The number of operating U.S. oil/natural gas rigs held pat at 884 in the latest Baker Hughes Inc. count as three departed offshore service and another three were added on land. The tally is well less than half the 1,913 U.S. rigs that were running a year ago.

Why there are any rigs running at all in the United States is “due to the resilience of the service sector,” Don Briggs, president of the Louisiana Oil & Gas Association, said in a recent editorial. Things could get worse for the upstream sector — or they could get better, he wrote. For now, though, the question is” how low can you go — and for how long?
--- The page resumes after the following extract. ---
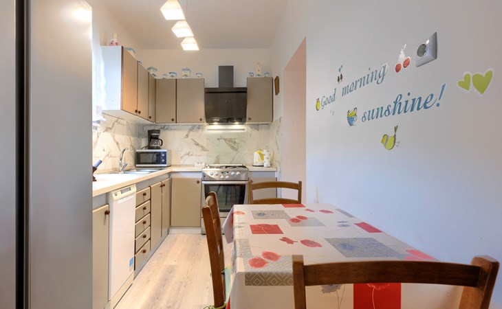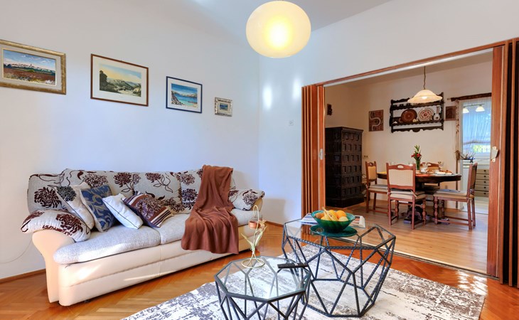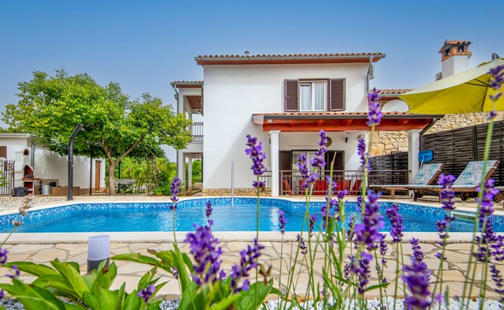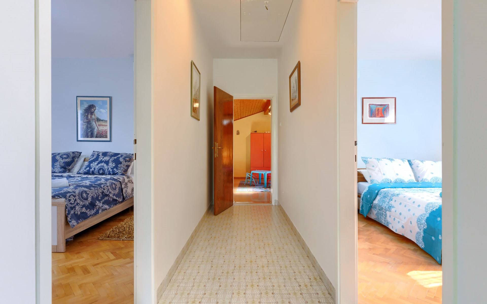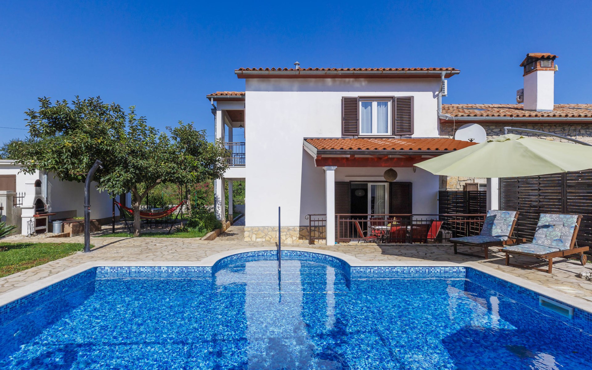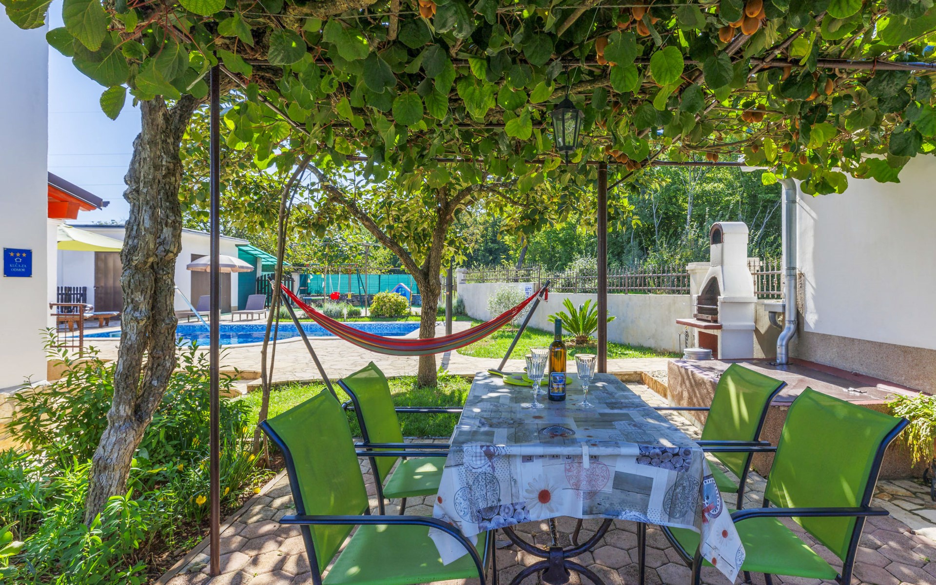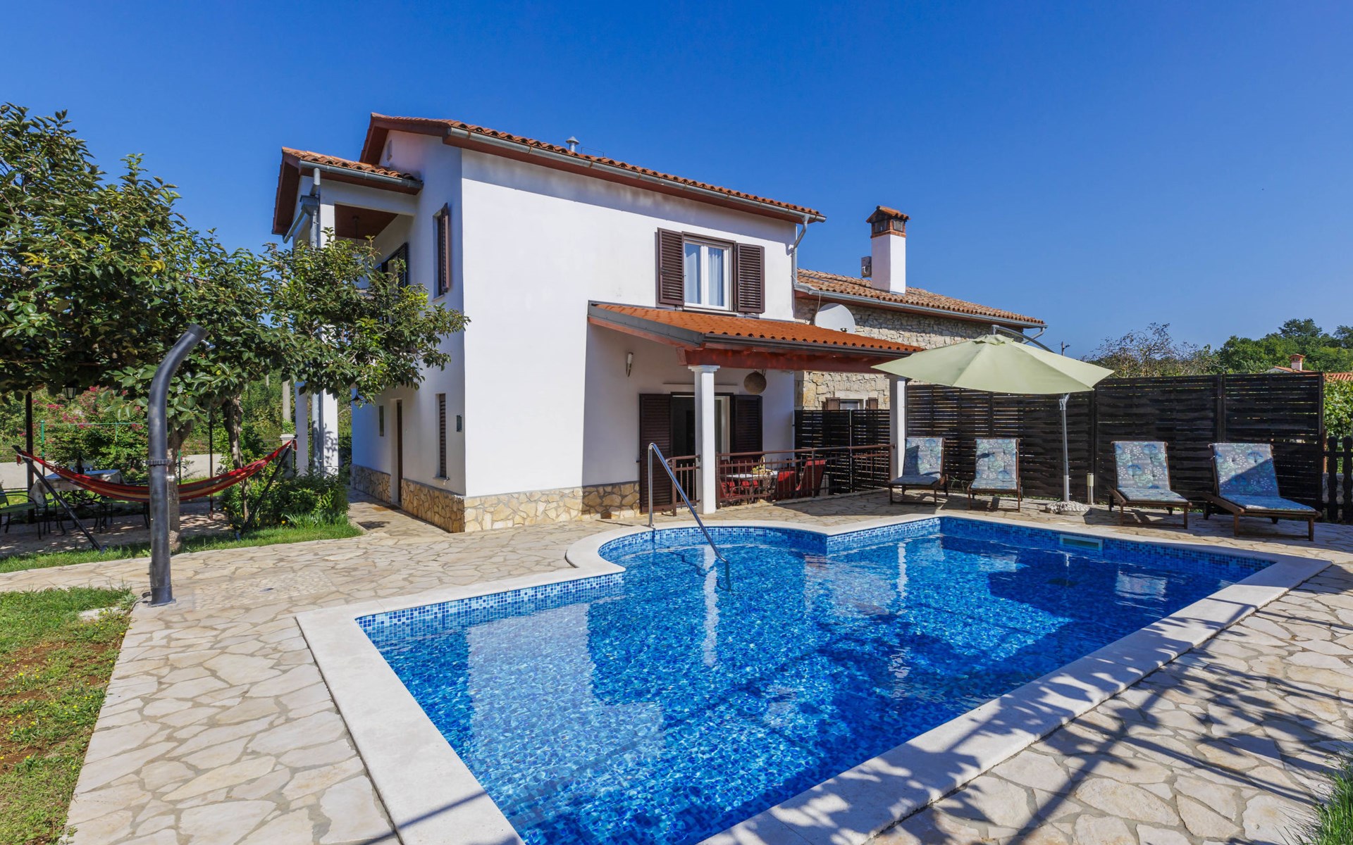 Twee onder één kap woning "Marija", van 2 verdiepingen, omgeven door bomen. In het gehucht Tomovi, 7.5 km van het centrum van Labin, rustige, zonnige ligging, 13 km van zee. Voor alleengebruik: terrein 600 m2 (omheind), kleine tuin met gazon, openluchtzwembad hoekig (7 x 4 m, 140 cm diepte, seizoensgebonden beschikbaarheid: 18.Mei. - 12.Okt.) met trap. Buitendouche, prieel (15 m2), barbecue, kinderspeelplaats (glijbaan, schommel). In het huis: internetaansluiting, wasmachine. Parkeerplaats bij het huis op het terrein. Winkel 1 km, supermarkt 7.5 km, restaurant 8 km, bushalte 7.1 km, kiezelstrand 13 km. Wandelroutes 200 m vanaf het huis, fietspad 250 m.

“How long can the service industry offer reduced rates, and how long can the operators continue to drill with unprofitable oil prices?” Briggs wrote. “…[A]ll players involved in the crude oil market as a whole are beginning to ask yet another question. Is this a short-lived “downturn” in oil and natural gas or is this the “new normal” for the global market?

Briggs wrote that the upcoming presidential election, U.S. nuclear talks with Iran with oil/gas ramifications, as well as unrest in the Middle East could disrupt oil prices and blow winds of change through the currently depressed oil patch.

Briggs’ home state of Louisiana saw four rigs depart service in the latest count, tying it with Oklahoma, which also lost four rigs. Texas added six rigs. Across the states, other changes were more modest.

While the net U.S. rig count was static, the North America count gained three, thanks to Canada, which added three natural gas-directed rigs. While Alberta lost two rigs, British Columbia added one, Saskatchewan added five, and Manitoba lost one rig.